When a child says, “I can’t focus,” it usually means, “I don’t have a system that helps me yet,” or, “I don’t feel grounded enough to try.”

That’s where relationships and structure meet.

And that’s where the real work is.

Try This Tomorrow

Start small. One short focus block. One predictable place for devices. One clearly explained expectation that you actually follow through on.

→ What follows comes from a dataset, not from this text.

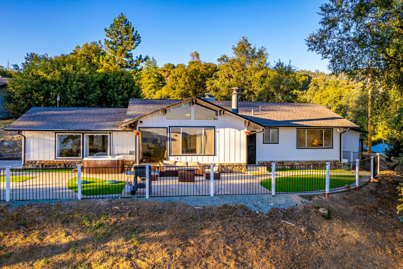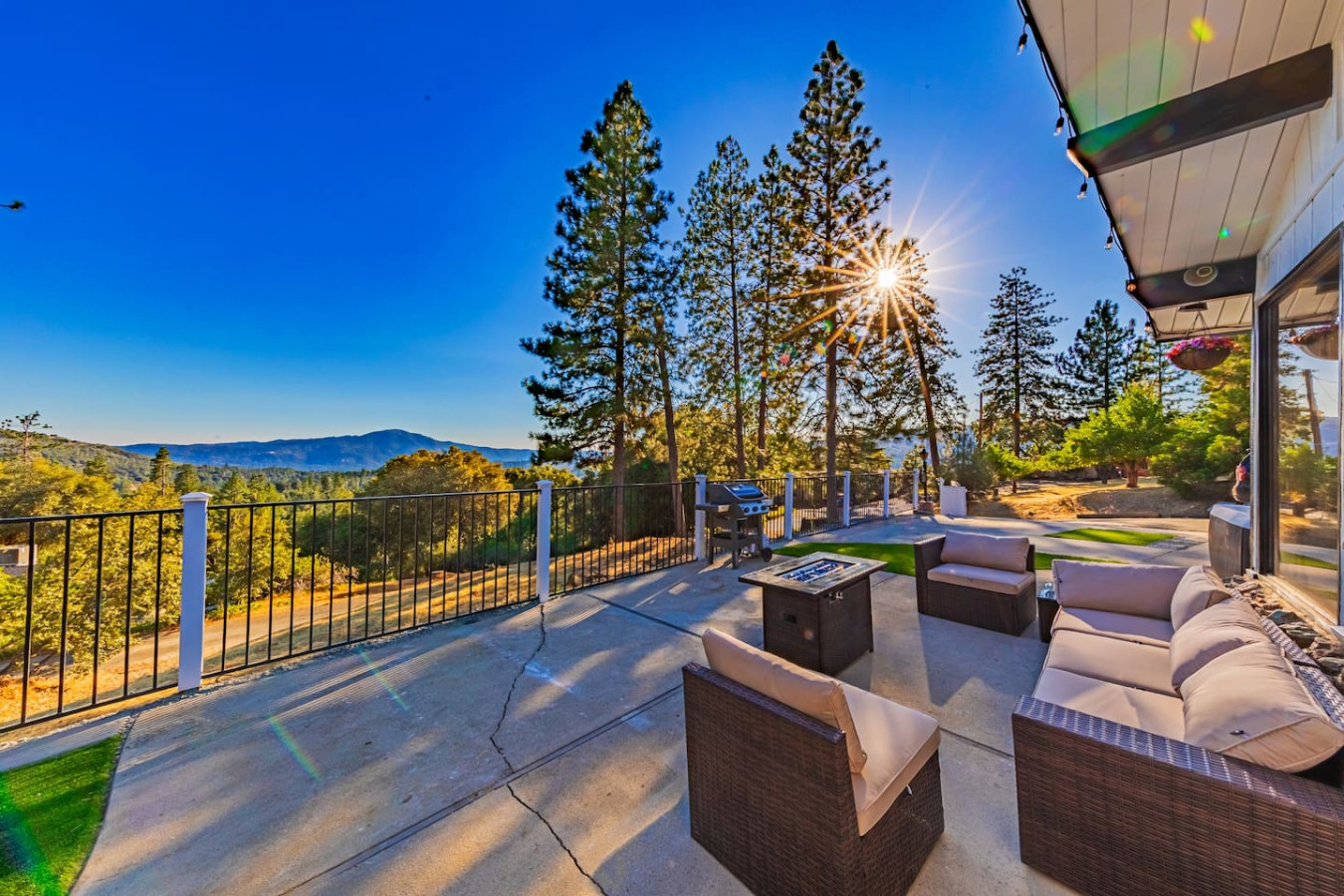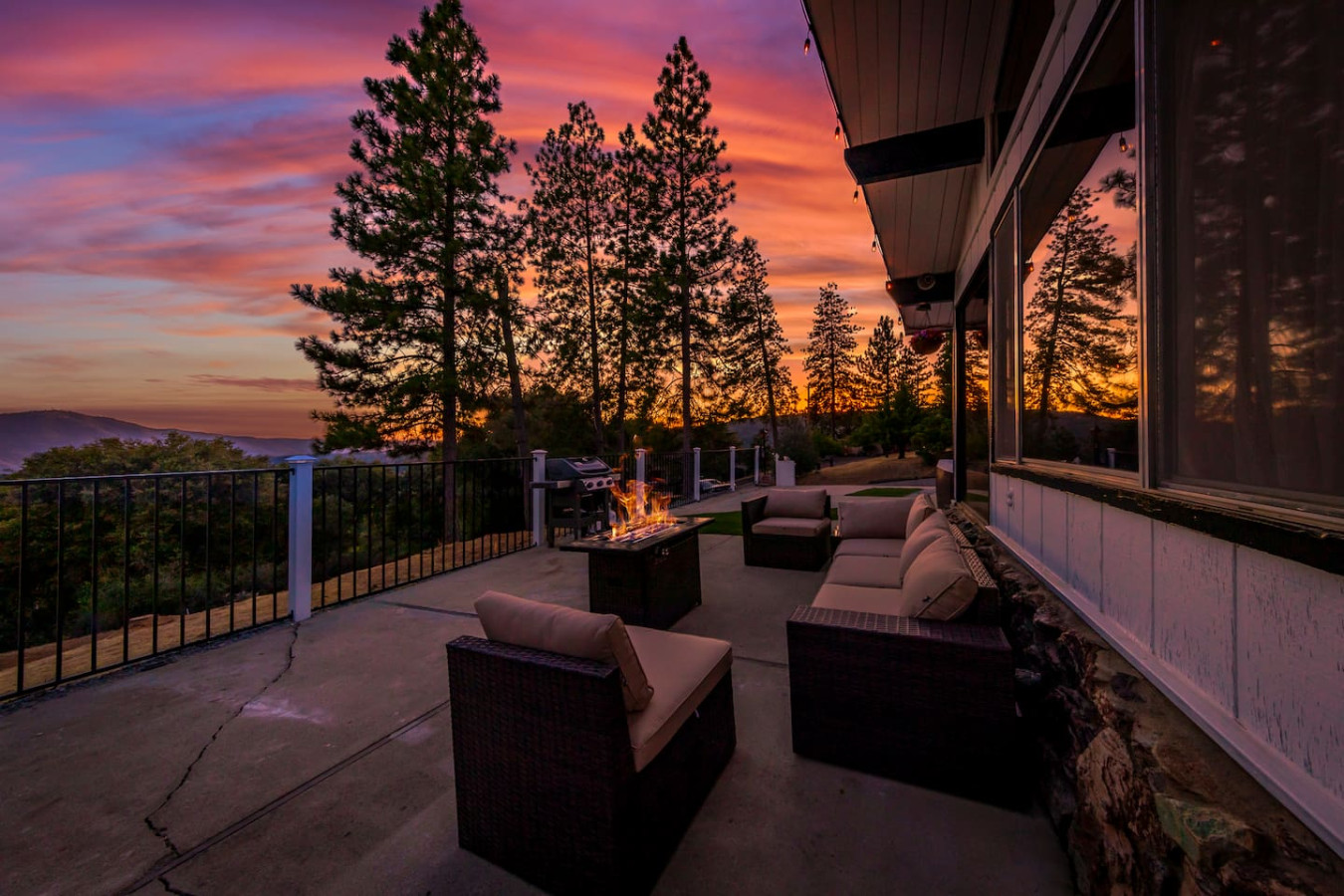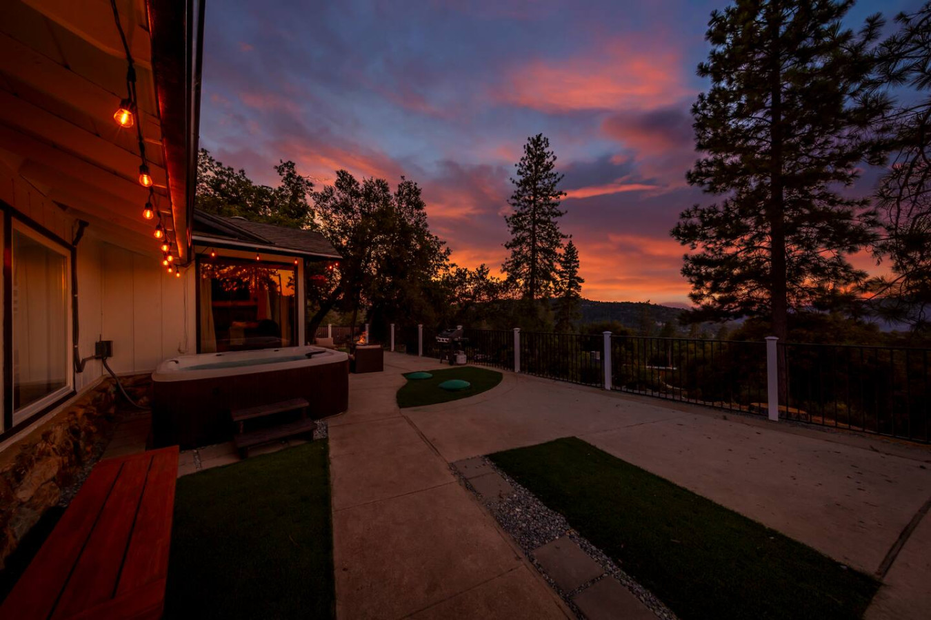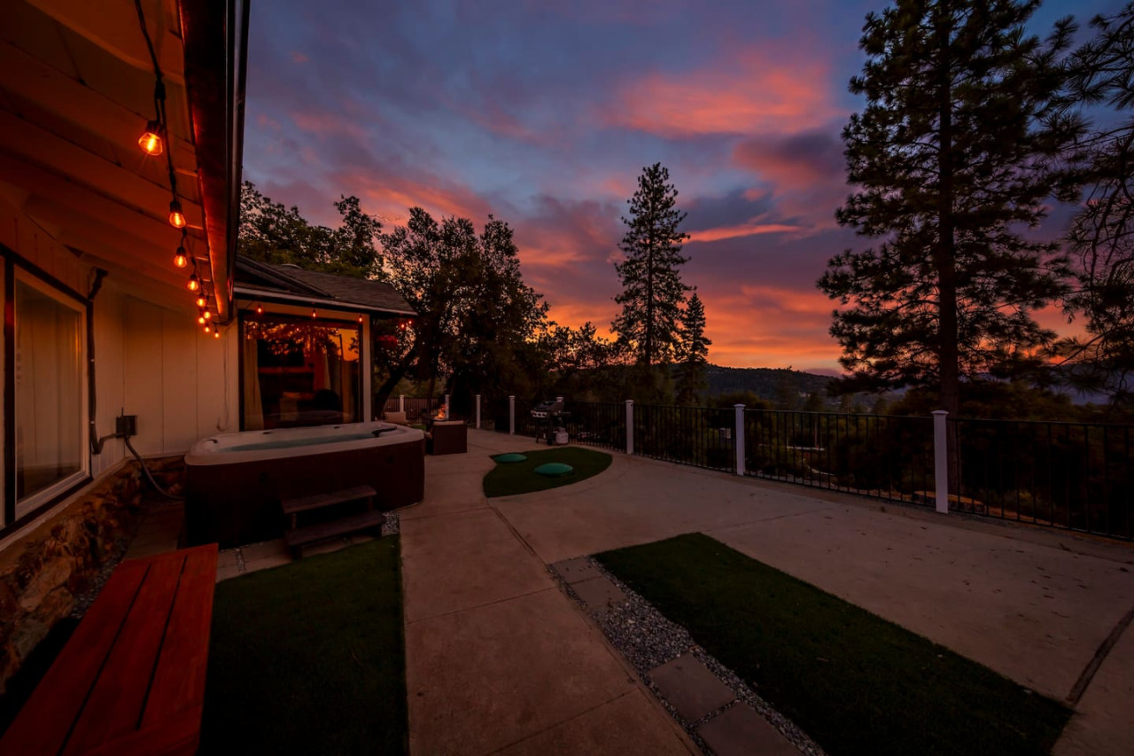 Enjoy high sierras and fresh smell of pines above the snow line in this picturesque and spacious cabin, only 12 miles from the Yosemite South Entrance. Relish views of mountains and night sky right from your living room. Relax with the whole family at this peaceful hilltop terrace with lots of sitting areas, a brand new Hot tub, Fire-pit, BBQ, and a separate in-law unit with dedicated workspace, and a beautiful back porch with rock outcropping. Features a new game room with pool table and views. Newly listed in High Sierra Sky Ranch neighborhood at 3300 ft from sea level, house sits on a hilltop only 2 minutes off Highway 41. Easy access in and out of with paved roads all the way to the driveway. 8 min drive to Bass Lake, and only 12 miles on Highway 41 from Yosemite South Gate. The mountain home features a panoramic view of mountains on either side of the house. Comes with recently renovated rooms, a brand-new Kitchen, and completely renovated Bathrooms. Each room has been carefully decorated keeping your long-term vacation stays in mind, stocked, and sanitized. The house is only 15 min away from Yosemite South Gate. No reservation is required if you leave the house on or before 4:40 AM in the morning, or after 3:45 PM in the afternoon.

Pair it with connection. A quick check-in. A shared laugh. A moment where the student feels like more than a set of behaviors to manage.

Then repeat it.

Not perfectly. Just consistently.

The Work That Matters

Somewhere between the buzzing phone and the wandering mind is a child trying to figure out if they can take control of their own attention.

That’s not a small skill.

That’s a life skill.

And we don’t build it through pressure or speeches. We build it through connection, clarity, and repetition.

So here’s the challenge: choose one relationship you’ll strengthen and one system you’ll make predictable this week.

Then stick with it long enough for it to matter.

Because in a world full of distractions, the real advantage isn’t more control.

It’s better anchors.

And you get to be one of them.

What’s one relationship you can deepen- and one system you can stabilize- starting tomorrow?


References

Common Sense Media. The Common Sense Census: Media Use by Tweens and Teens, 2023. San Francisco: Common Sense Media, 2023.


Gazzaley, Adam, and Larry D. Rosen. The Distracted Mind: Ancient Brains in a High-Tech World.Cambridge, MA: MIT Press, 2016.


Newport, Cal. Deep Work: Rules for Focused Success in a Distracted World. New York: Grand Central Publishing, 2016.


Radesky, Jenny S., et al. “Mobile and Interactive Media Use by Young Children: The Good, the Bad, and the Unknown.” Pediatrics 135, no. 1 (2015): 1–3.


Rosen, Larry D. iDisorder: Understanding Our Obsession with Technology and Overcoming Its Hold on Us. New York: Palgrave Macmillan, 2012.